**Your task**. A word-for-word copy of the following listing is needed. Leave out its images.

**Information provided**.
——————
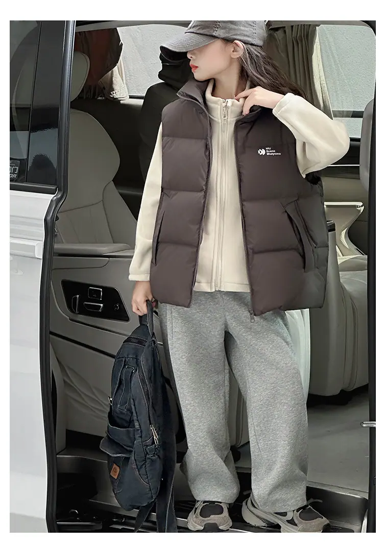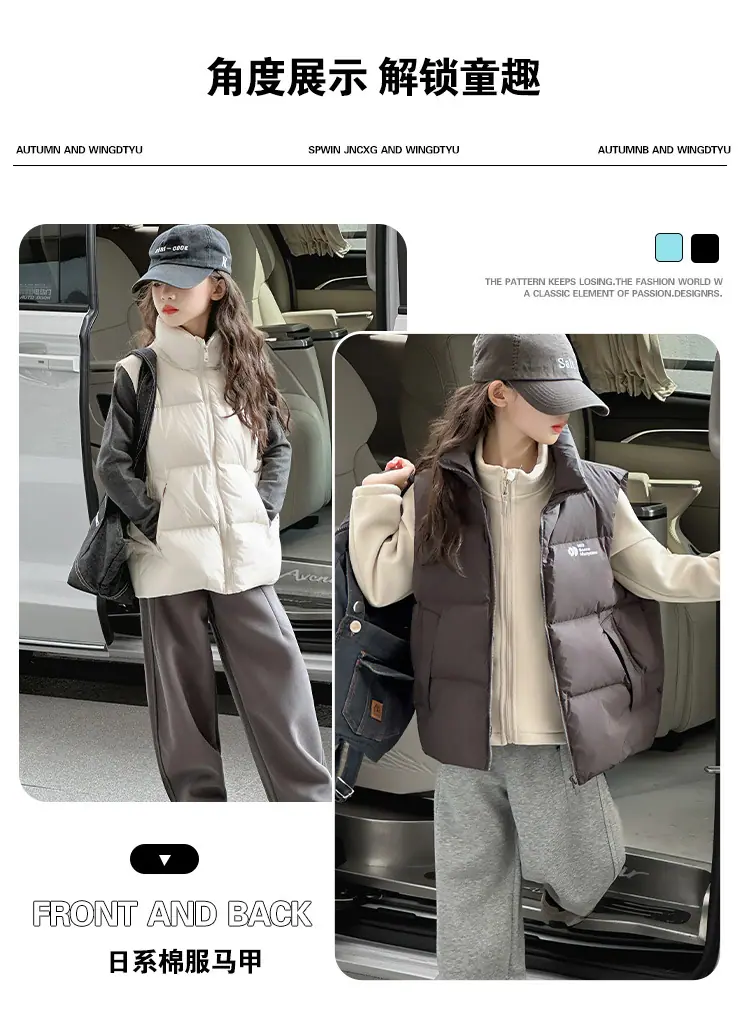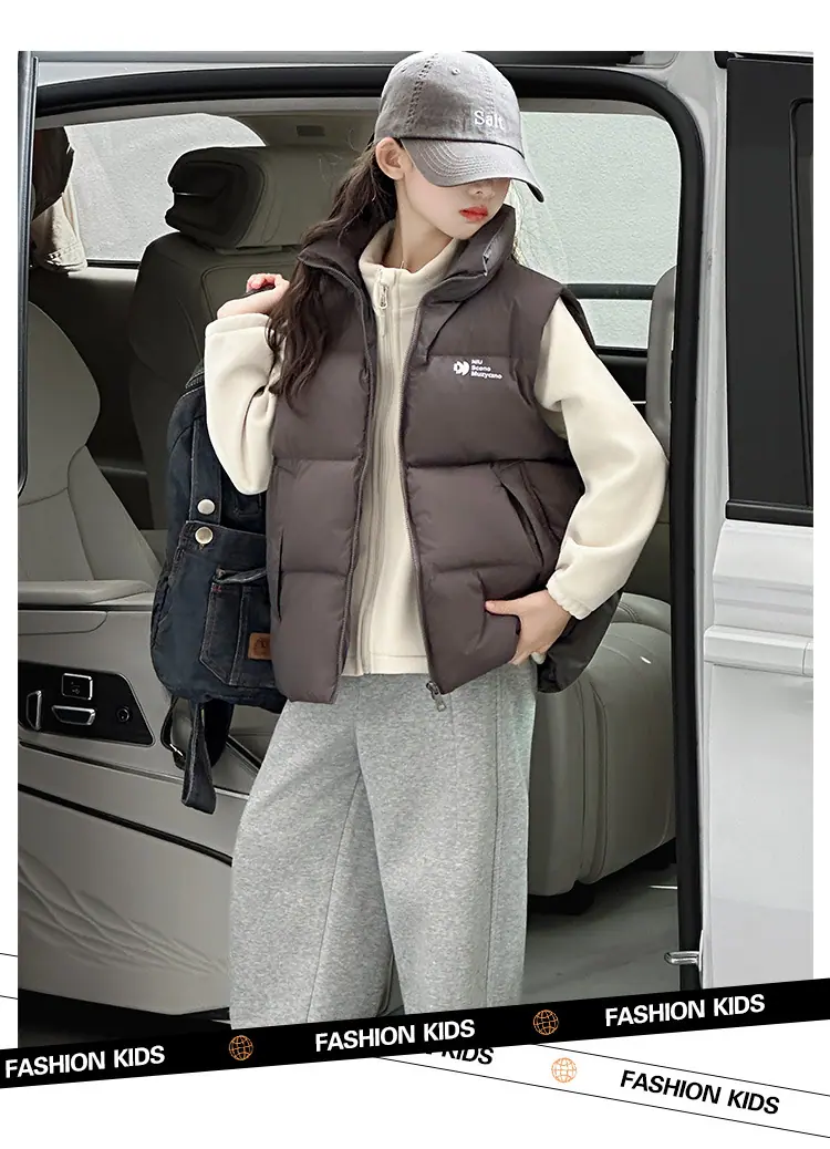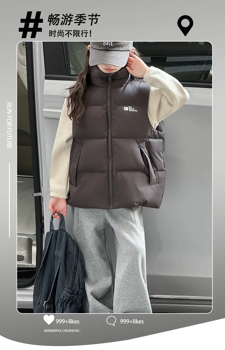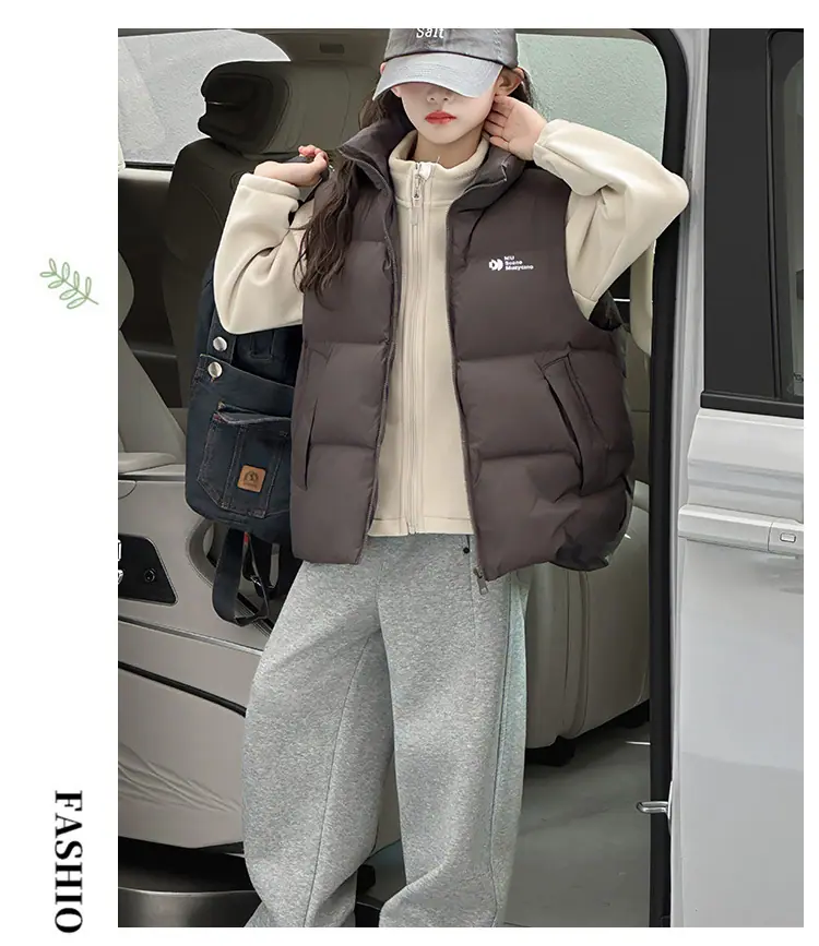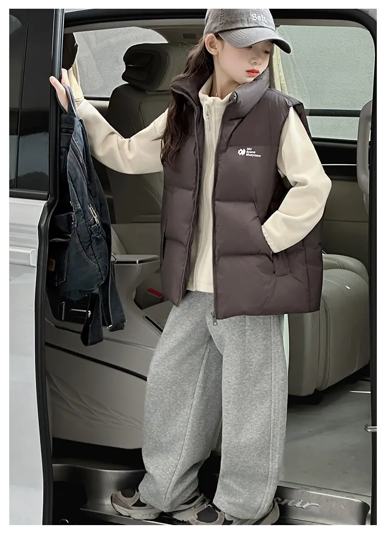 Chaleco de Algodón Acolchado de Plumón para Niñas Otoño e Invierno 2025 Nuevo Estilo Niño Grande Algodón Acolchado Ropa de Invierno Suéter Chaleco de Cuello Alto para Niños
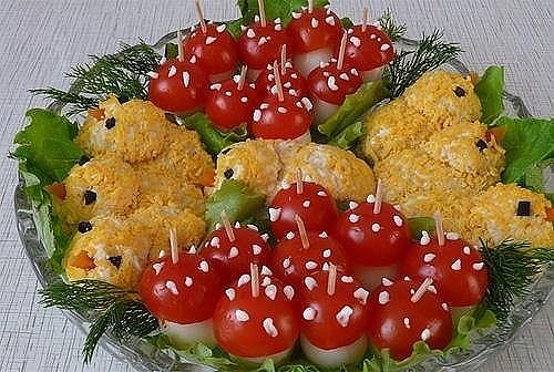 22. САЛАТ "ПТЕНЧИКИ В МУХОМОРАХ"
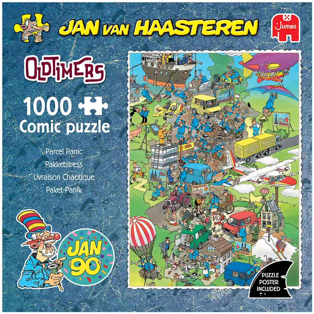 This is the fourth puzzle in the Oldtimer line. Parcel Panic was drawn in 1987 by Jan van Haasteren and is now being released as a puzzle for the very first time.
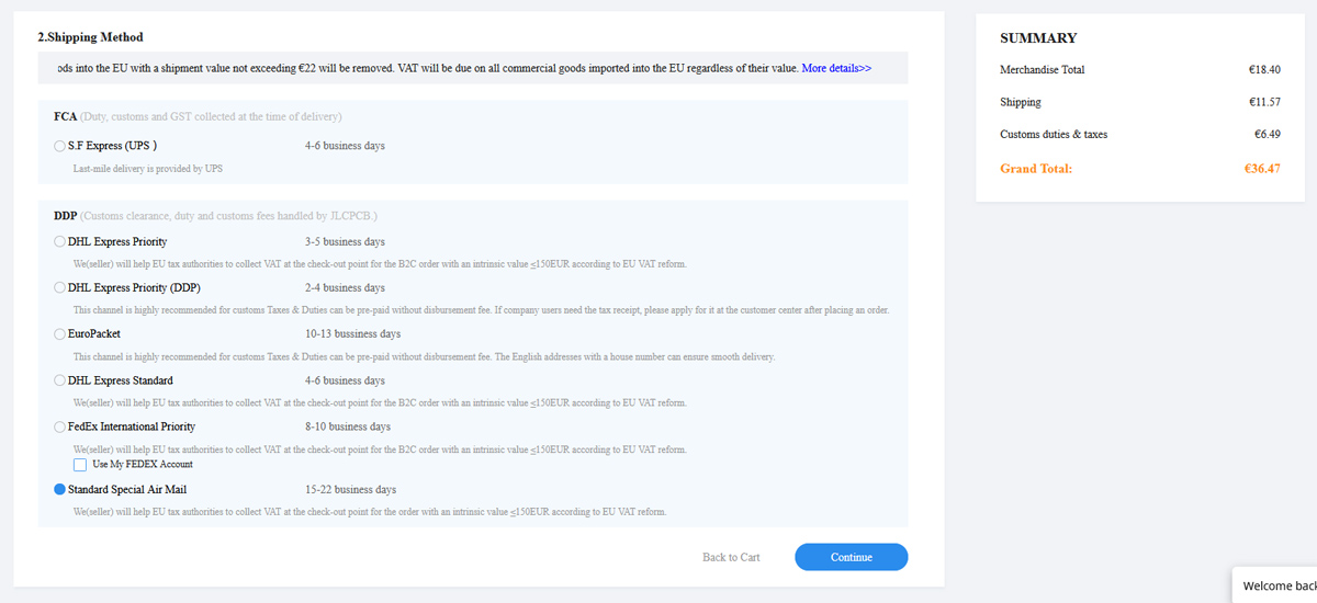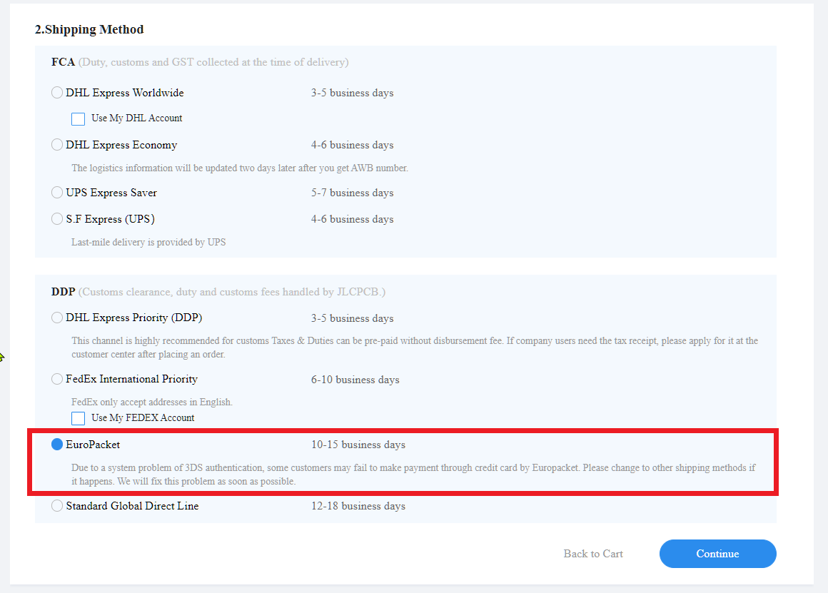 U JLCPCB jsem objednával nějaké desky 4 druhu po 5ks všechno do 100x100mm a DPS stály 14$, doprava euro packet 10$ a daň 4,88$. Býval AirMail doprava tam je, jen to je trošku jinač nazvané, ale je dražší než europacket. Cenu dopravy hodně ovlivňuje váha DPS.
——————
**Result for this exercise**.
 Chaleco de Algodón Acolchado de Plumón para Niñas Otoño e Invierno 2025 Nuevo Estilo Niño Grande Algodón Acolchado Ropa de Invierno Suéter Chaleco de Cuello Alto para Niños
 22. САЛАТ "ПТЕНЧИКИ В МУХОМОРАХ"
 This is the fourth puzzle in the Oldtimer line. Parcel Panic was drawn in 1987 by Jan van Haasteren and is now being released as a puzzle for the very first time.
 U JLCPCB jsem objednával nějaké desky 4 druhu po 5ks všechno do 100x100mm a DPS stály 14$, doprava euro packet 10$ a daň 4,88$. Býval AirMail doprava tam je, jen to je trošku jinač nazvané, ale je dražší než europacket. Cenu dopravy hodně ovlivňuje váha DPS.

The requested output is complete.